The problem: Transcribe the lines exactly, beginning with the one that contains "Build a professional" and ending with the final line of the records. Do not transcribe pictures.

----------------------------------------

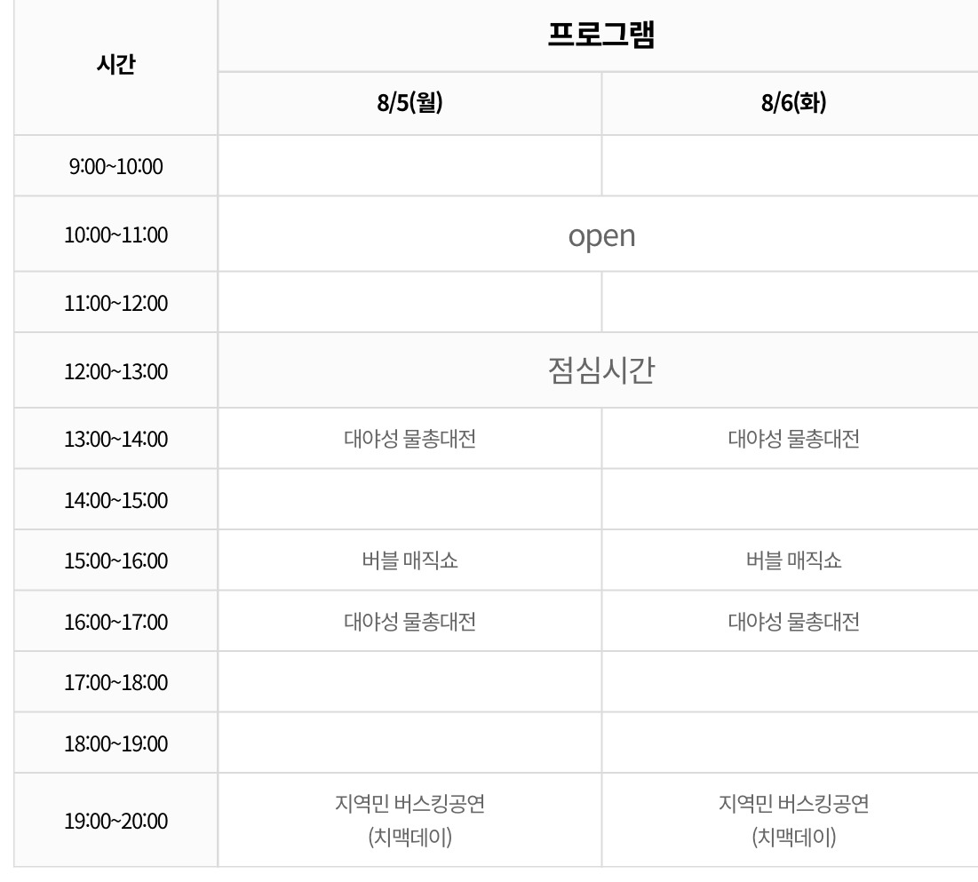 내 용 버블 매직쇼, 벌륜쇼, 버스킹 공연 등
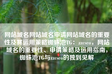 网站域名网站域名申请网站域名的重要性及其运用策略蜘蛛池TG:zzcseo,网站域名的重要性、申请策略及运用指南,蜘蛛池TG与zzcseo的洞察
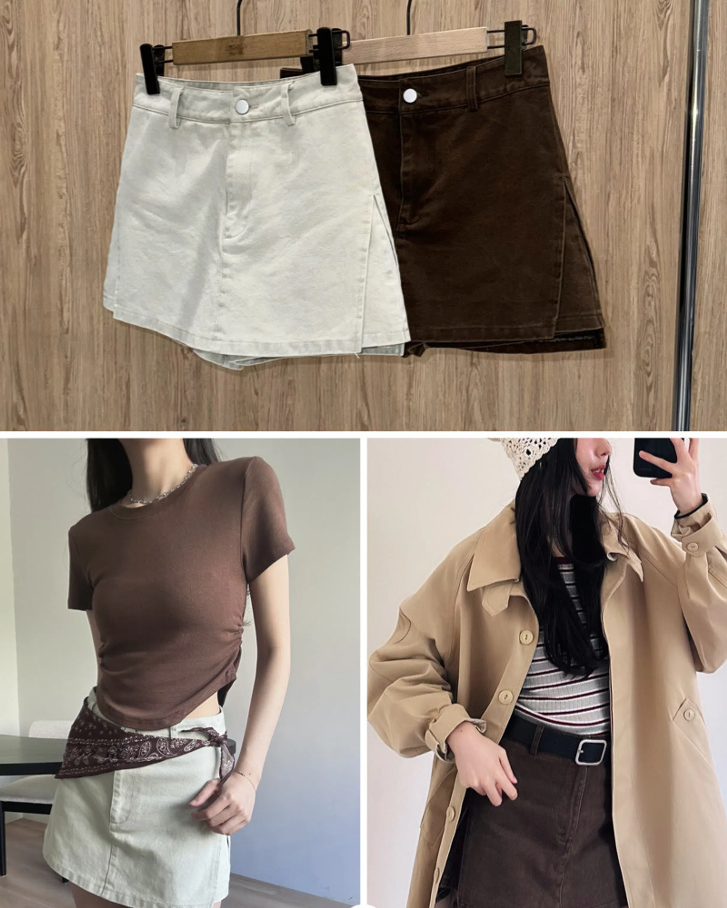 1906(咖/杏) 超瘦側開岔短褲裙!!!!!!
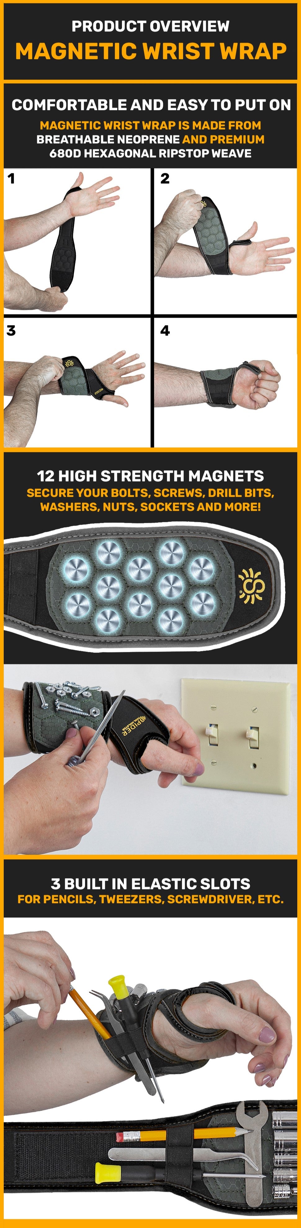 The Magnetic Wrist Wrap has 12 strong neodymium magnets built into it, which allow you to conveniently store your bolts, screws, bits, washers, sockets, pencil and more right on your wrist!
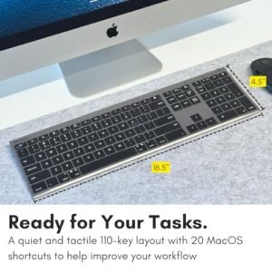 - 𝗤𝘂𝗶𝗲𝘁. 𝗥𝗲𝗳𝗶𝗻𝗲𝗱. 𝗮𝗻𝗱 𝗦𝗮𝘁𝗶𝘀𝗳𝘆𝗶𝗻𝗴: The mac wireless keyboard is equipped with 110 scissor flex keys that include 20 MacOSX shortcuts and a numeric keypad. Each keystroke will be quiet and smooth.
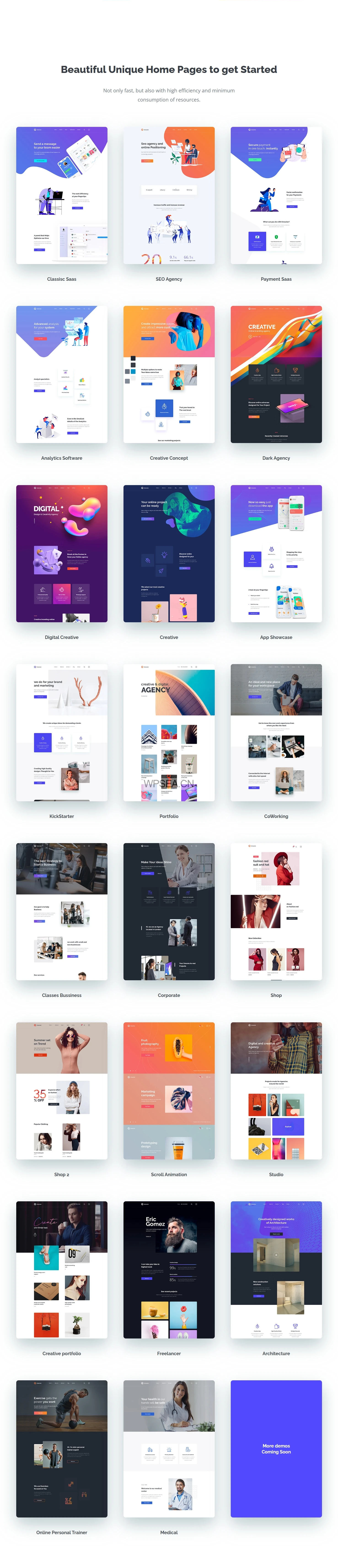 Octavian内置23个独特的演示模板,每个模板都有其独特的布局、滑块和元素,帮助您快速创建任何类型的网站。您也可以选择从零开始构建。
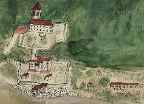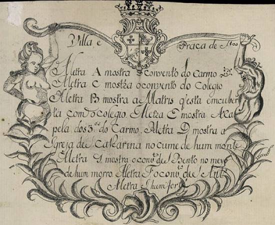 marcada com a letra J (o Forte da Vila ou de Mont Serrat), e (marcada com a letra B) a igreja matriz
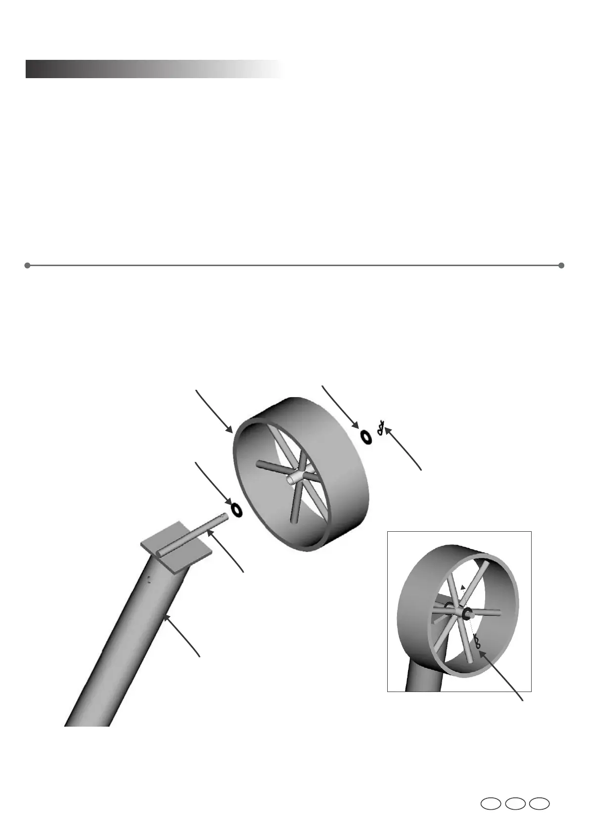 Op elke korte poot, schuif één 12mm platte ring op de as, gevolgd door een wiel, en dan nog een 12mm platte ring.
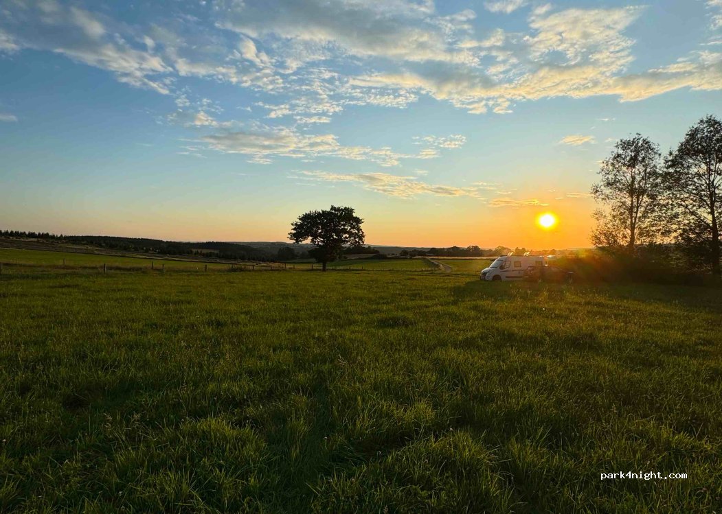 Mooie camperplek dichtbij Lac de Nisramont waar je kunt kajakken, mountainbiken, wandelen, suppen of zwemmen en meer. Erg rustig en mooi uitzicht. Vriendelijke eigenaar. €10/24u, geen services. Toegangsweg is verboden voor verkeer, maar toegestaan ivm priveweg naar camperplaats.
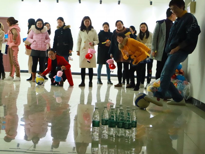 全校各单位女教职工分为12个小组,分属12个生肖,以个人名义参加趣味活动赢取小礼品,以工会小组名义积分争夺前三名。活动包括“魔力套圈”“挑战国王”“夹乒乓球”“脚夹沙包丢远”“趣味保龄球”“投壶”等。大家积极参与,一起享受美好时光。
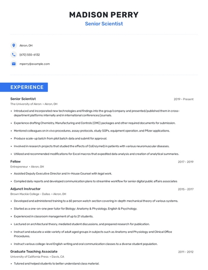 Build a professional senior scientist resume in minutes. Browse through our resume examples to identify the best way to word your resume. Then choose from 5+ resume templates to create your senior scientist resume.
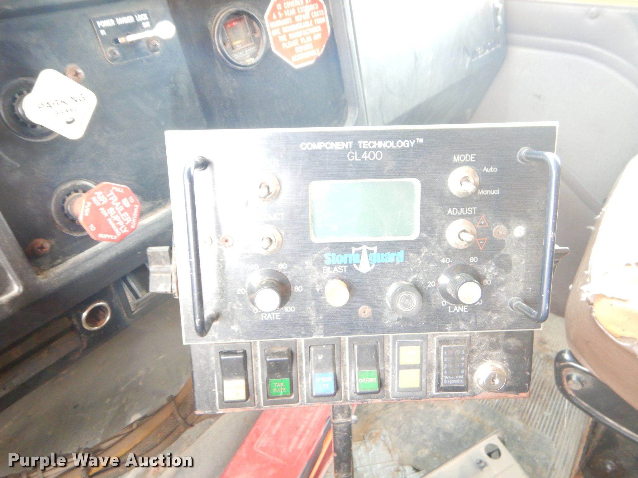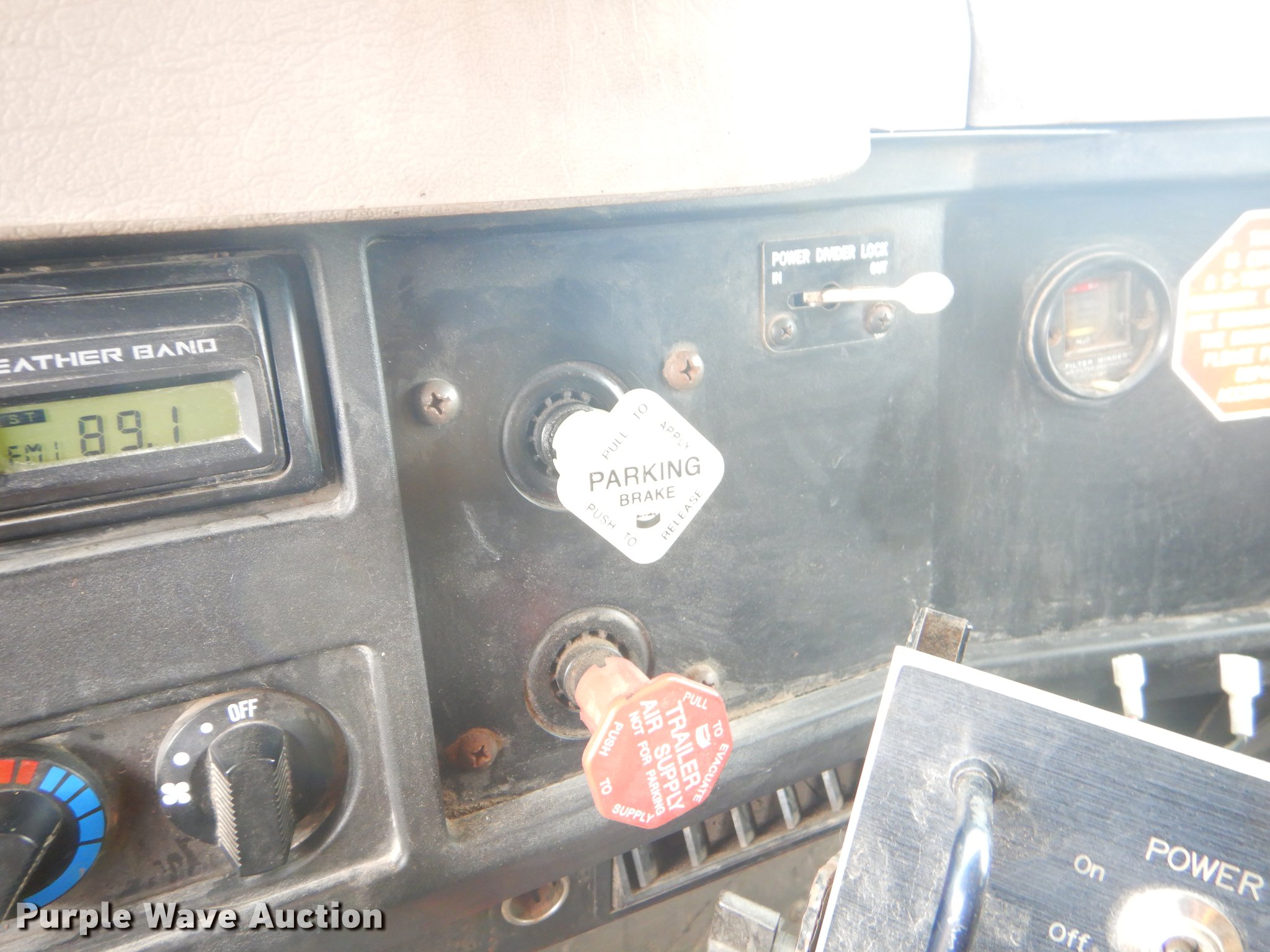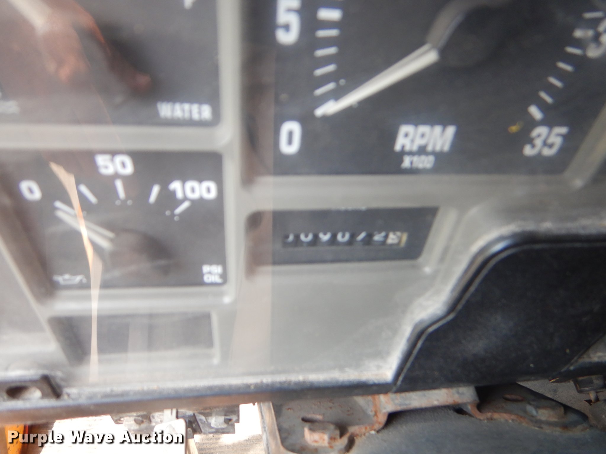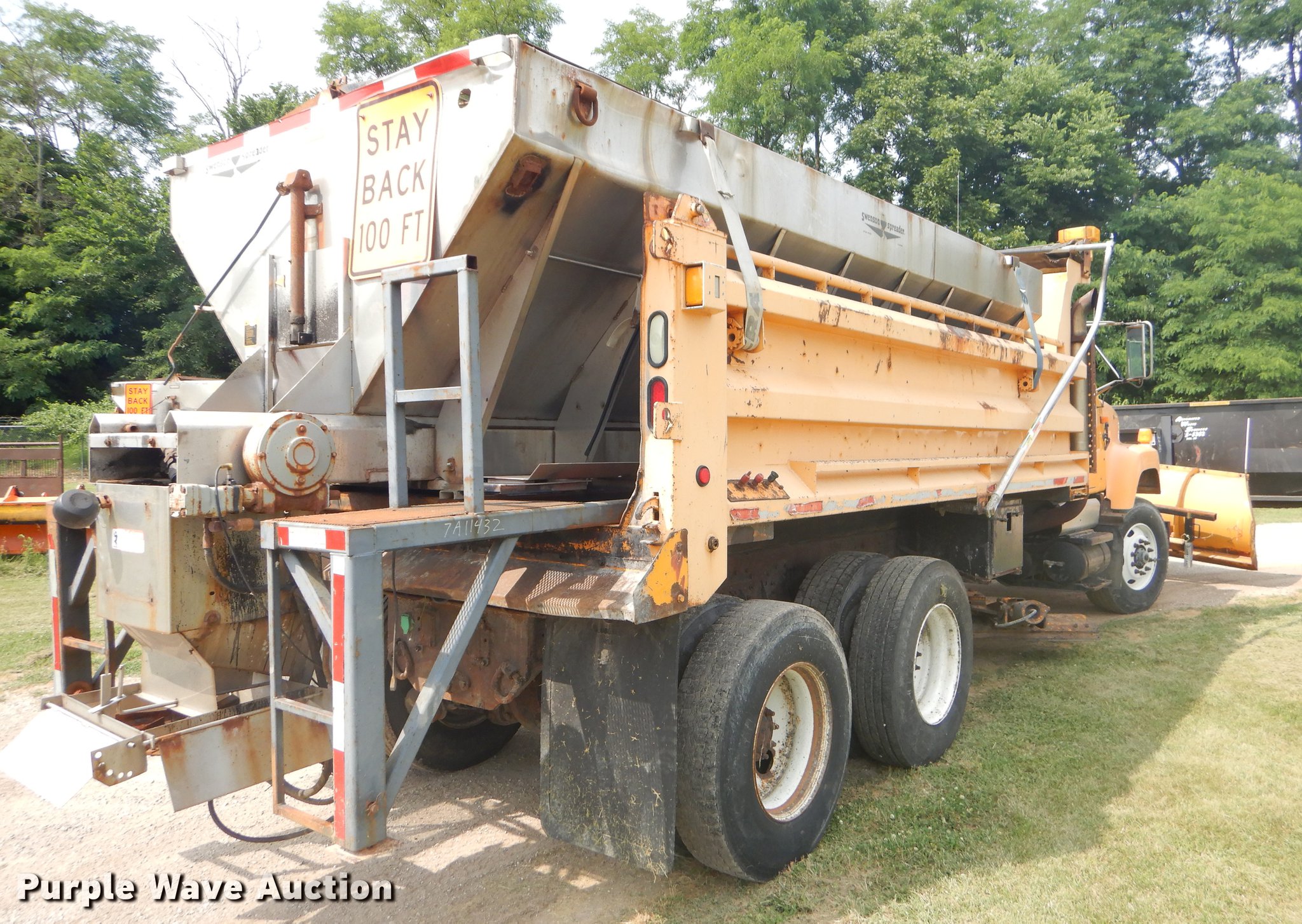 Purple Wave is selling a used Construction Dump Truck in Missouri. This item is a 2002 International 2554 dump truck with the following: 176,046 miles on odometer, 9,071 hours on meter, International DT530 8.7L L6 turbo diesel engine, Automatic transmission, Tandem axle, Inter-axle differential lock, AC and heat, Cruise, AM/FM/weatherband, Power windows, Power and heated mirrors, Air suspension seat, PTO, 16'L x 96"W steel dump bed, 36" side height, Roll tarp, Rear ladder access, 134"W plow, Swenson spreader, Under-mounted adjustable grader blade, Single fuel tank, Walking beam suspension, Air brakes, 216" wheelbase, 315/80R22.5 front tires, 11R22.5 rear tires, Chipped windshield, Unknown operating condition, MODOT ID 6706

----------------------------------------

Response to this exercise:
 Build a professional senior scientist resume in minutes. Browse through our resume examples to identify the best way to word your resume. Then choose from 5+ resume templates to create your senior scientist resume.
 Purple Wave is selling a used Construction Dump Truck in Missouri. This item is a 2002 International 2554 dump truck with the following: 176,046 miles on odometer, 9,071 hours on meter, International DT530 8.7L L6 turbo diesel engine, Automatic transmission, Tandem axle, Inter-axle differential lock, AC and heat, Cruise, AM/FM/weatherband, Power windows, Power and heated mirrors, Air suspension seat, PTO, 16'L x 96"W steel dump bed, 36" side height, Roll tarp, Rear ladder access, 134"W plow, Swenson spreader, Under-mounted adjustable grader blade, Single fuel tank, Walking beam suspension, Air brakes, 216" wheelbase, 315/80R22.5 front tires, 11R22.5 rear tires, Chipped windshield, Unknown operating condition, MODOT ID 6706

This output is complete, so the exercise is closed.